## Work order
Please keep the images out and set down the data exactly as given.

## Data block
[Start of Attachment]
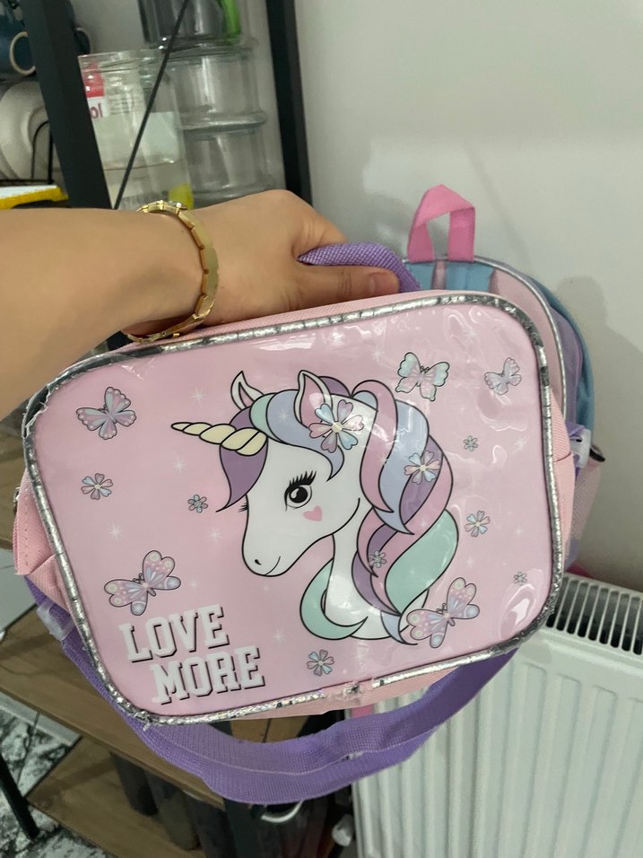 Pembe tonlarında unicorn ve kelebek desenli çocuk okul çantasıdır. Önünde "LOVE MORE" yazısı bulunur. Mor ayarlanabilir askısı ve taşıma sapı vardır.
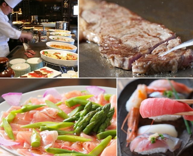 料理メニューに「寿司」「ハンバーグ」「赤魚のオーブン焼き」、デザートメニューに「実演クレープ」「ケーキと和菓子の盛り合わせ」「チョコレートファウンテン」など、大人からお子さままでお楽しみいただける種類豊富なメニューを取り揃えたブッフェを、期間限定で販売いたします。またスペシャルメニューとしてご用意する「アメリカ産牛ロース肉のステーキ ジャポネソース」「ローストポーク ジンジャーソース」は、お客さまの目の前でシェフが焼き上げて提供いたします。ご家族・ご友人とのお食事にぜひご利用ください。
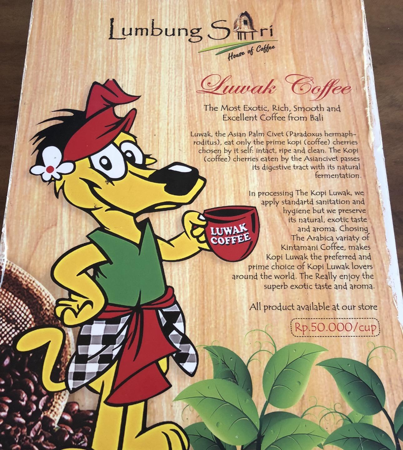 அண்மையில் பாலியில் (இந்தோனேசியா)இந்த காப்பி தயாரிக்கும் இடத்திற்கு போயிருந்தேன். சுவைத்துப்பார்ப்பதற்காக சிறிய அளவில் தந்தார்கள், மணந்து பார்த்தேன் வாசனை மிகவும் நன்றாக இருந்தது ஆனால் அதைக்குடிக்க மனம் இடம்தரவில்லை.
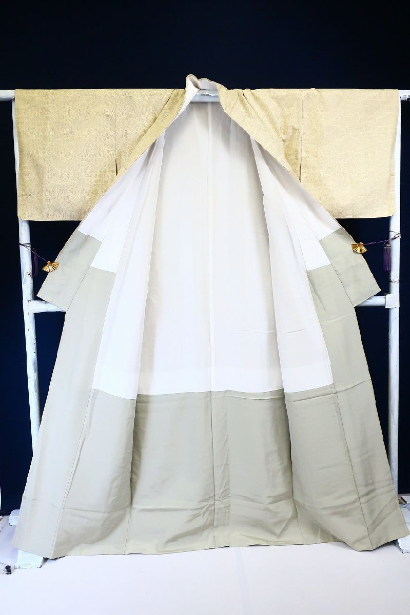〔着物の色〕 アイボリー 〔八掛の色〕 くすみグリーン 〔着物の素材〕 正絹 |
[End of Attachment]
## Exercise solution
 Pembe tonlarında unicorn ve kelebek desenli çocuk okul çantasıdır. Önünde "LOVE MORE" yazısı bulunur. Mor ayarlanabilir askısı ve taşıma sapı vardır.
 料理メニューに「寿司」「ハンバーグ」「赤魚のオーブン焼き」、デザートメニューに「実演クレープ」「ケーキと和菓子の盛り合わせ」「チョコレートファウンテン」など、大人からお子さままでお楽しみいただける種類豊富なメニューを取り揃えたブッフェを、期間限定で販売いたします。またスペシャルメニューとしてご用意する「アメリカ産牛ロース肉のステーキ ジャポネソース」「ローストポーク ジンジャーソース」は、お客さまの目の前でシェフが焼き上げて提供いたします。ご家族・ご友人とのお食事にぜひご利用ください。
 அண்மையில் பாலியில் (இந்தோனேசியா)இந்த காப்பி தயாரிக்கும் இடத்திற்கு போயிருந்தேன். சுவைத்துப்பார்ப்பதற்காக சிறிய அளவில் தந்தார்கள், மணந்து பார்த்தேன் வாசனை மிகவும் நன்றாக இருந்தது ஆனால் அதைக்குடிக்க மனம் இடம்தரவில்லை.
〔着物の色〕 アイボリー 〔八掛の色〕 くすみグリーン 〔着物の素材〕 正絹 |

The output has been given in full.